Jefferson Lab's newest cluster computer takes shape
Chip Watson, JLab's High Performance Computing Group leader, stands next to the new cluster computer, 6N, which consists of eight racks of 35 machines and one rack with one machine and the central switching station. Click here for a high resolution photograph.
Jefferson Lab's spacious new Computer Center in CEBAF Center Wing F is already hosting its first occupants. Among the machines now located in the expansive room is Jefferson Lab's newest cluster computer, dubbed "6N."
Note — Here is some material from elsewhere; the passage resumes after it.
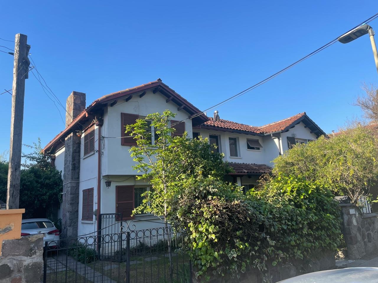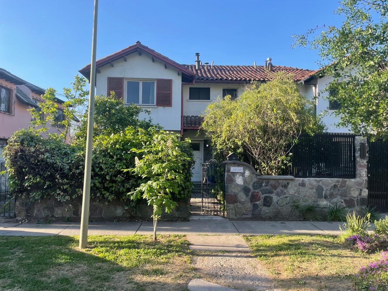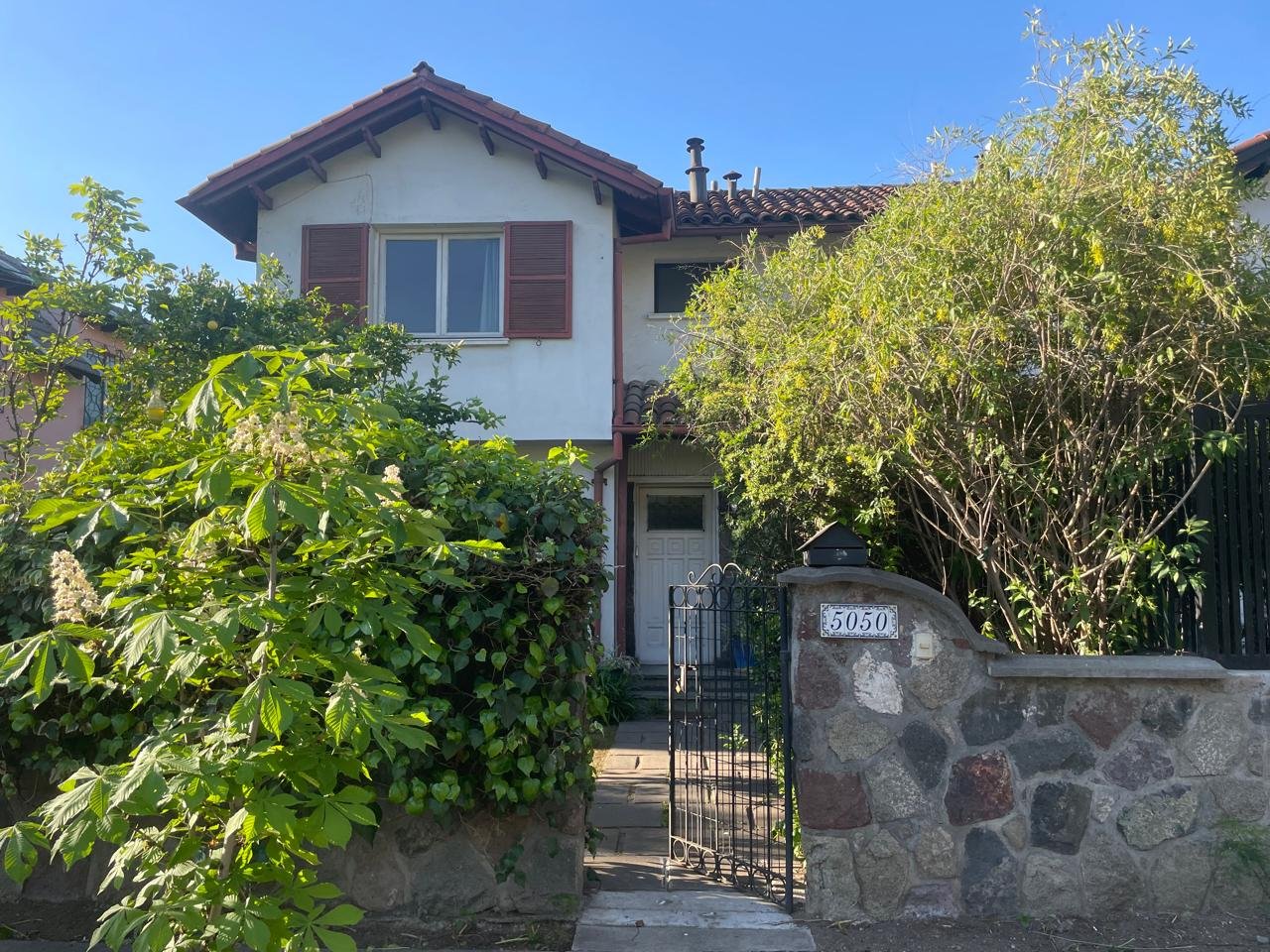 Excelente ubicación sector Bilbao con Vespucio cercana a locomoción, servicios, colegios, restaurantes, autopista Vespucio Casa ideal para remodelar. Descripción Primer piso Hall acceso, living y comedor juntos chimenea, estufa a parafina empotrada (extracción exterior) con salida a la terraza, cocina, logia y lavadero. Dormitorio principal en suite con una hermosa vista a la cordillera, mas dos dormitorios y un baño completo. Segundo piso: Tres dormitorios más un baño. Exterior: Cuenta con antejardín y estacionamiento, terraza trasera con parrilla, árboles. Otros: Pisos de parquet, gas natural.

Unlike a regular computer -- whose "brain" consists of one or perhaps two processors -- a cluster computer's brain can contain hundreds or even thousands of individual processors, called nodes -- all wired together. To solve a problem, the cluster splits the problem into parts, and each node computes its designated part and shares the result with other nodes to produce the final solution. This method allows cluster computers to tackle problems well beyond the capability of most desktop machines, such as providing solutions for the theory of quantum chromodynamics (QCD), which describes the strong force that dictates how quarks and gluons build protons, neutrons and other particles.
The new cluster joins JLab's 128-node 2002 machine, the 256-node 2003 machine (3G), and the 384-node 2004 machine (4G). According to Chip Watson, who leads Jefferson Lab's High Performance Computing Group, the first pieces of the new 6N cluster began arriving in December 2005. It is comprised of 281 dual-core Intel processors, and it runs the popular Linux operating system, just like its predecessors.
However, the 6N computer nodes each contain one processor with two processing cores, resulting in a sustained 2.5 Gigaflop computing capability (roughly 2.5 billion operations per second) for each node. The machine also incorporates the new InfiniBand technology connections, which can carry data from one node to the next about 10 times faster than the Gigabit Ethernet connections used in JLab's last two cluster machines.
"This is the first year that InfiniBand has been cost-effective," Watson says, "The InfiniBand fabric runs at a gigabyte/second in each direction, which is comfortably more bandwidth than we need today." The overall result of these upgrades is a machine that is more powerful than all three of the previous machines combined and essentially doubles JLab's high-performance computing capacity.
Watson says his group is currently working on testing a new version of the InfiniBand software and optimizing it for 6N. In the meantime, the group is also preparing for a massive new machine scheduled to arrive next winter. "We'll be hosting the next large cluster for the U.S. QCD community: a $1.5 million machine with 500 nodes that will be twice as powerful as our new machine," Watson explains.
Jefferson Lab's cluster computer program is funded through the Scientific Discovery Through Advanced Computing, or SciDAC program, in the Department of Energy's (DOE's) Office of Science, with additional funding from JLab's Nuclear Physics program. SciDAC is an effort to develop the scientific computing software and hardware infrastructure needed to use terascale computers to advance DOE research programs in basic energy sciences, biological and environmental research, fusion energy sciences, and high-energy and nuclear physics.
The Department of Energy's Office of Science is the single largest supporter of basic research in the physical sciences in the United States and is working to address some of the most pressing challenges of our time.